● **Collected material**
★ ★ ★ ★ ★ ★ ★

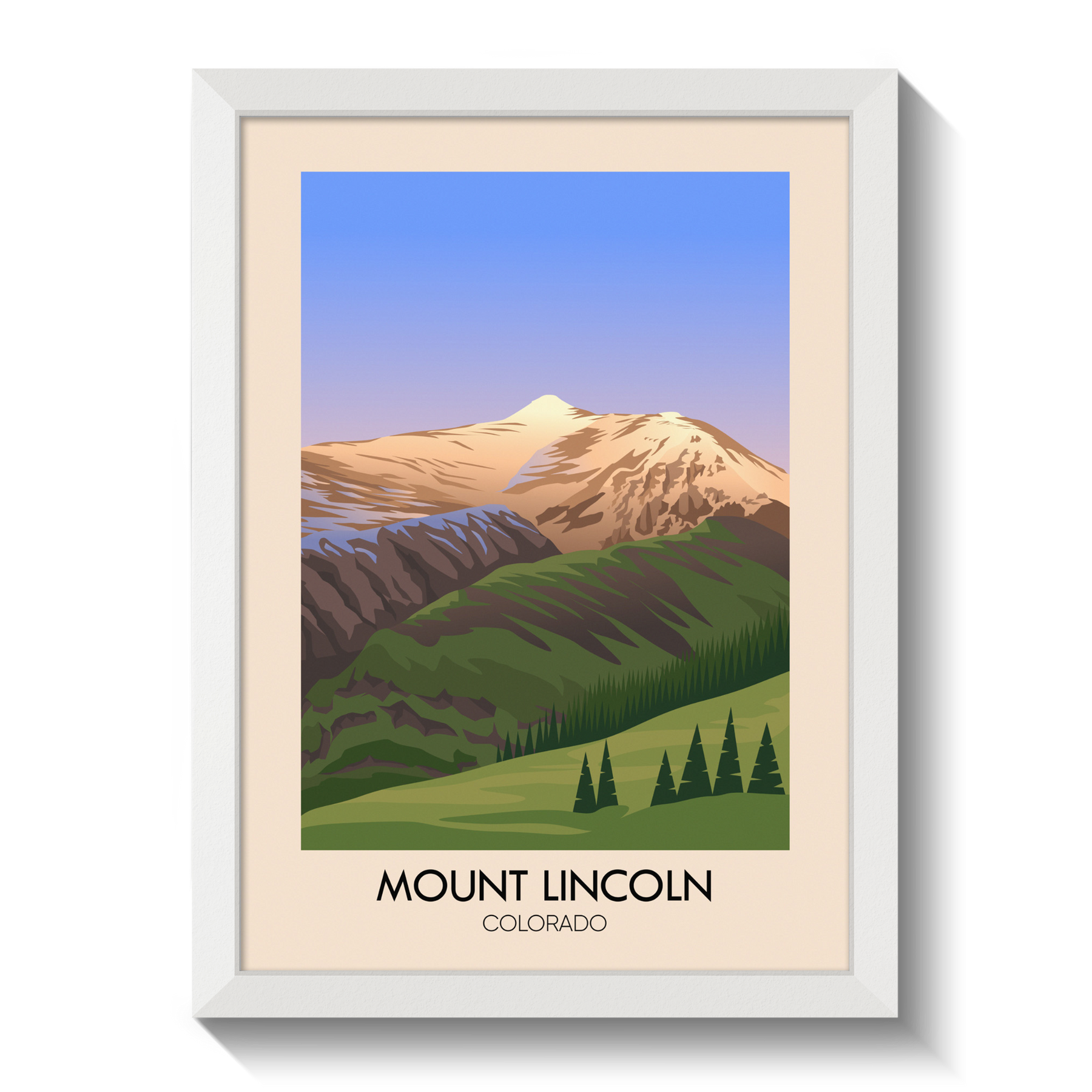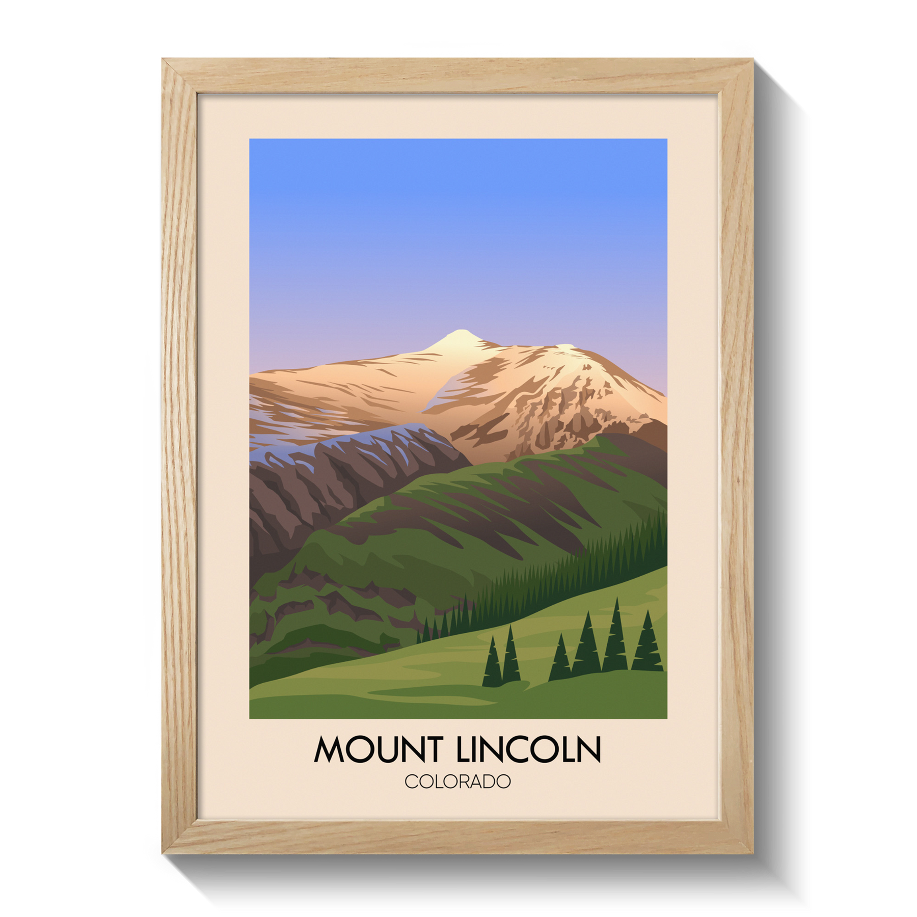This Mount Lincoln travel poster showcases the rugged charm of one of Colorado’s notable Fourteeners and the highest peak in the Mosquito Range. Ideal for hikers and alpine adventurers, it offers stunning summit views. Part of our Colorado 14ers collection, it’s a stylish tribute to the beauty of Mount Lincoln.
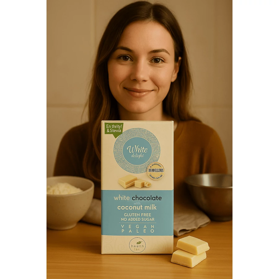 Kakaóvaj (35%), kókusztejpor (25%): (kókusz kivonat, hidrolizált keményítő, alfa-ciklodextrin), édesítőszerek: (eritrit (18%), szteviol-glikozidok (0,01%)), tápióka keményítő, élelmi rostok: (inulin, polidextróz), emulgeálószer: napraforgó lecitin, aroma
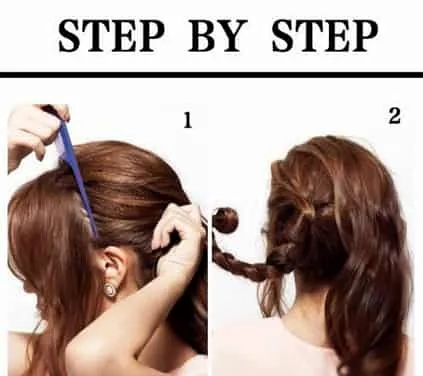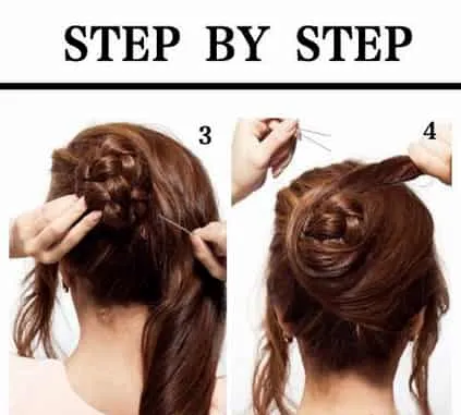 STEP 4:右边的头发不用扎辫子,将它们直接绕在发髻上即可,同样小夹子将发尾固定。
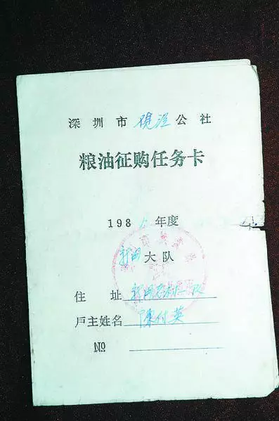 1981年,深圳市觀瀾公社糧油征購任務(wù)卡

★ ★ ★ ★ ★ ★ ★

● **Task prompt**
Every line between the one containing "Kakaóvaj (35%), kókusztejpor" and the last line of the data above, both included, should be copied exactly, but not the pictures.

● **Task answer**
 Kakaóvaj (35%), kókusztejpor (25%): (kókusz kivonat, hidrolizált keményítő, alfa-ciklodextrin), édesítőszerek: (eritrit (18%), szteviol-glikozidok (0,01%)), tápióka keményítő, élelmi rostok: (inulin, polidextróz), emulgeálószer: napraforgó lecitin, aroma
 STEP 4:右边的头发不用扎辫子,将它们直接绕在发髻上即可,同样小夹子将发尾固定。
 1981年,深圳市觀瀾公社糧油征購任務(wù)卡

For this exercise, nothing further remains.